Social media giants, telecommunication companies, and European governments joined forces to halt the spread of disinformation from the Kremlin’s state-run media, amid Russia’s invasion of Ukraine.
In Latin America, Uruguay’s state-owned telecommunications company, Antel, suspended Russian television network RT (formerly known as Russia Today) from Vera TV, its main media outlet, in early March 2022.
“We have just instructed the immediate suspension of the Russian network RT on Vera TV,” Antel President Gabriel Gurméndez said via Twitter on March 1. Gurméndez said the decision came from considering RT a “channel at the service of propaganda and justification of Russia’s violent military invasion of Ukraine, an action condemned by our country.”
In Costa Rica, the National Radio and Television System (Sinart) and the cable company Movistar announced March 3 the suspension of RT in their channel lineups, the Ecuadorian newspaper La Nación reported.
“Costa Rica’s public media system is the custodian of our bicentennial democracy’s most precious values: peace, disarmament, the defense of all human rights for all people […],” Boris Ramírez, Sinart executive president, said in a statement.
Europe
While Antel suspended RT in Uruguay, European Union (EU) members also blocked RT and Sputnik.
“Systematic information manipulation and disinformation by the Kremlin is applied as an operational tool in its assault on Ukraine,” EU foreign policy chief Josep Borrell said in a statement. “It is also a significant and direct threat to the Union’s public order and security,” Borrell added.
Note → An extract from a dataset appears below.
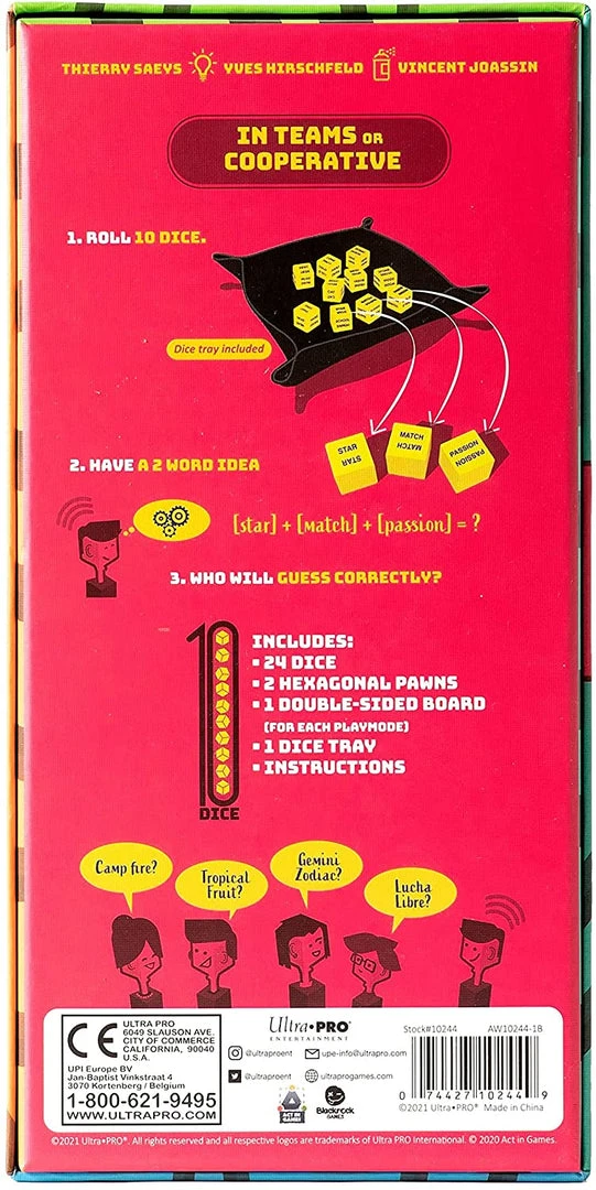 Everything starts with the roll of a dice. Each round, you roll a total of 10 dice. These dice and the words on them will serve as your inspiration! The goal is to come up with an idea born from the association of the number of words listed on the board. The idea can be whatever you want; an object, a character, a location, a title… there’s no limit!

With this sanction, EU operators cannot broadcast, facilitate, or otherwise contribute to disseminating any RT or Sputnik content. Before the European community’s decision, Google had blocked RT and Sputnik on YouTube in Europe, the Uruguayan newspaper El País reported. “The company explained on its Twitter account that its teams of experts will ‘closely monitor’ the situation to take ‘quick measures,” El País added.
Soon after, Britain followed suit opting to ban RT, saying it was incapable of providing impartial coverage of the war in Ukraine, CNN reported.
“Freedom of expression is something we guard fiercely in this country, and the bar for action on broadcasters is rightly set very high,” Melanie Dawes, CEO of U.K. media regulator Ofcom, said in a statement on March 18. “Following an independent regulatory process, we have today found that RT is not fit and proper to hold a license in the U.K. As a result, we have revoked RT’s U.K. broadcasting license.”